**Problem statement:** Please repeat exactly the lines from the one containing "Der ABe 2/4" through the last line of the records, both included, and nothing else, leaving out any pictures.

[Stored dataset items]
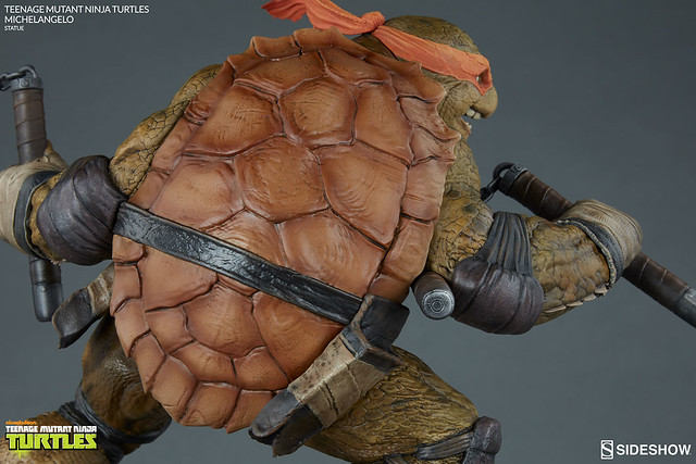 這次所推出的「米開朗基羅」雕像作品,有別於之前所推出忍者龜的相關可動或是雕像作品,是由Sideshow Collectibles 公司內部所企劃的全新忍者龜雕像系列,可說是維持經典的忍者龜漫畫中的設定,但卻將其造型進行了擬真化的步驟,將真實品種的烏龜融入了整體造型的設定當中,特別是在李奧納多烏龜皮膚質感細節的雕刻部分,搭配著精湛的塗裝上色技巧,將這款雕像作品表現的微妙微翹。
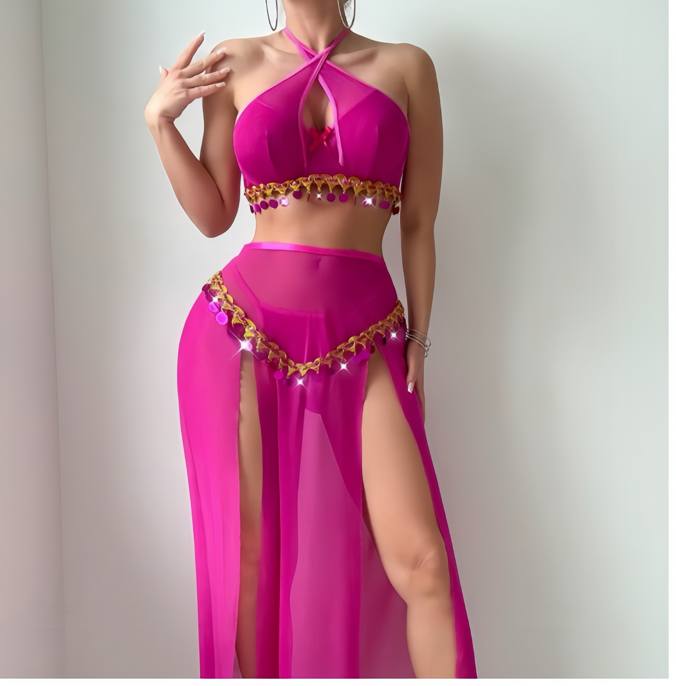 2. Introduction:Turn every entrance into a show-stopping performance with this vibrant belly dancer-inspired two-piece lingerie set. Crafted in bold hot pink with playful tassel accents and sheer chiffon slits, this outfit is a sultry blend of confidence and rhythm. The halter-style crisscross bra adds bold cleavage definition, while the high-slit mesh skirt flows with every step, leaving just enough to the imagination. Perfect for themed parties, stage performances, exotic photo shoots, or seductive nights in — this set is made to make you feel powerful, feminine, and unforgettable.
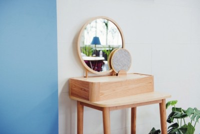 圆滑流畅的曲线,为卧室增添温柔情趣——这样的梳妆台足够赏心悦目,也足够好用。大圆镜和毛毡圆板各有所长,不规则收纳空间拥有更多陈列、收纳的可能性:首饰、化妆品、护肤品、书本、文具等都能一并包容。一桌三用着实可人,也节省空间。
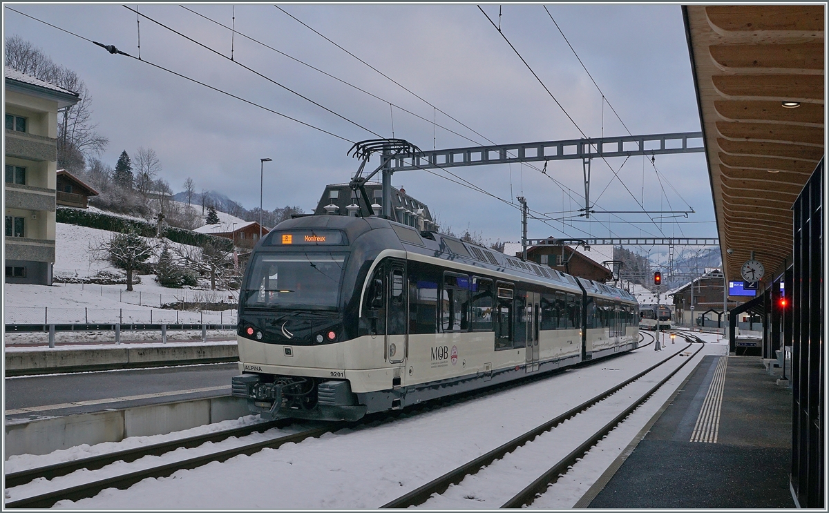 Der ABe 2/4 - B Be 2/4 104 wartet in Montbovon auf die Abfahrt als S50 nach Palézieux.
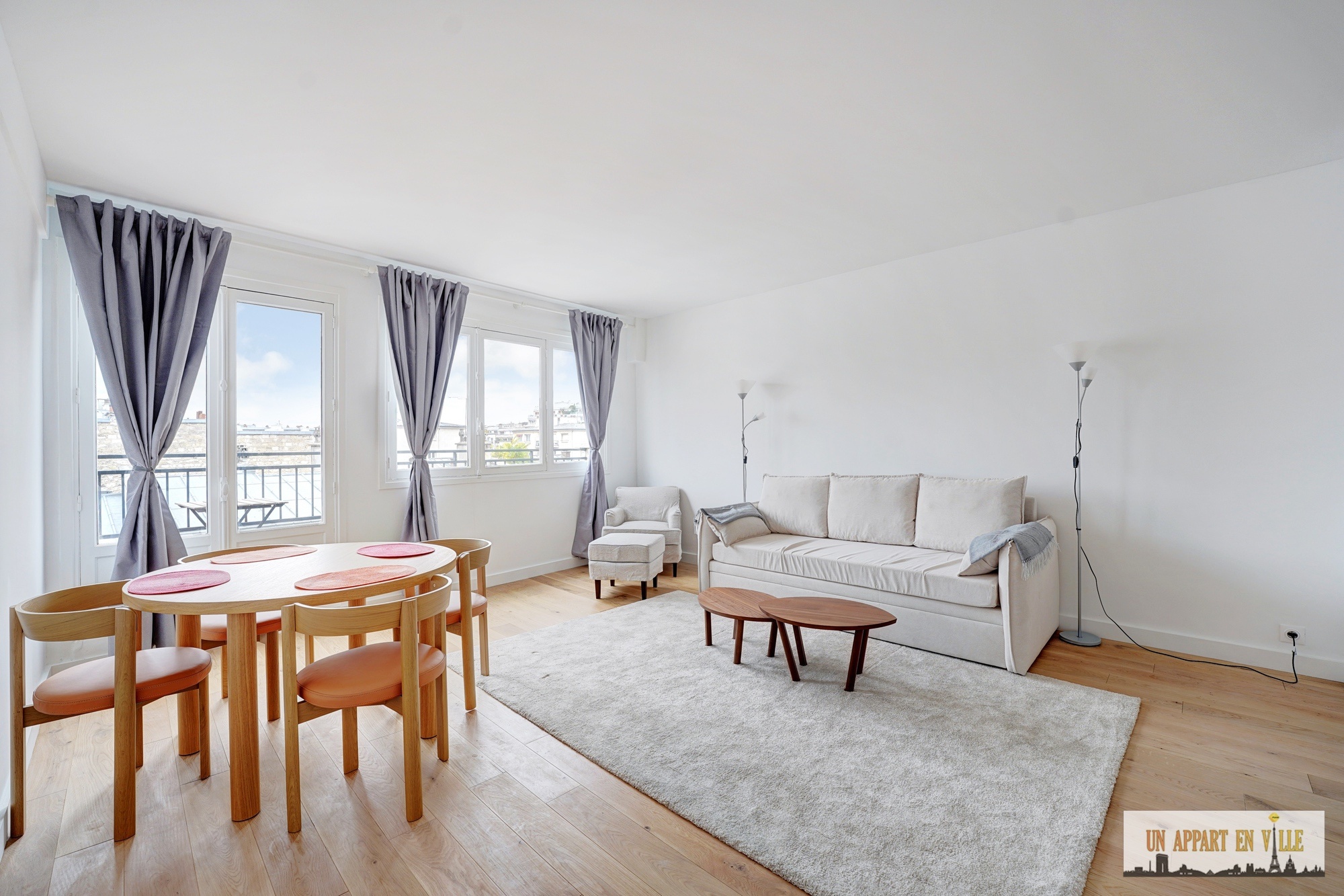 Dans immeuble récent, appartement entièrement rénové, meublé neuf, prestations de qualité, très lumineux sans vis à vis, séjour sur rue très calme avec balcon et vue sur les toits, cuisine séparée, chambre sur cour, salle d'eau, WC séparés.

**Solution for this exercise:**
 Der ABe 2/4 - B Be 2/4 104 wartet in Montbovon auf die Abfahrt als S50 nach Palézieux.
 Dans immeuble récent, appartement entièrement rénové, meublé neuf, prestations de qualité, très lumineux sans vis à vis, séjour sur rue très calme avec balcon et vue sur les toits, cuisine séparée, chambre sur cour, salle d'eau, WC séparés.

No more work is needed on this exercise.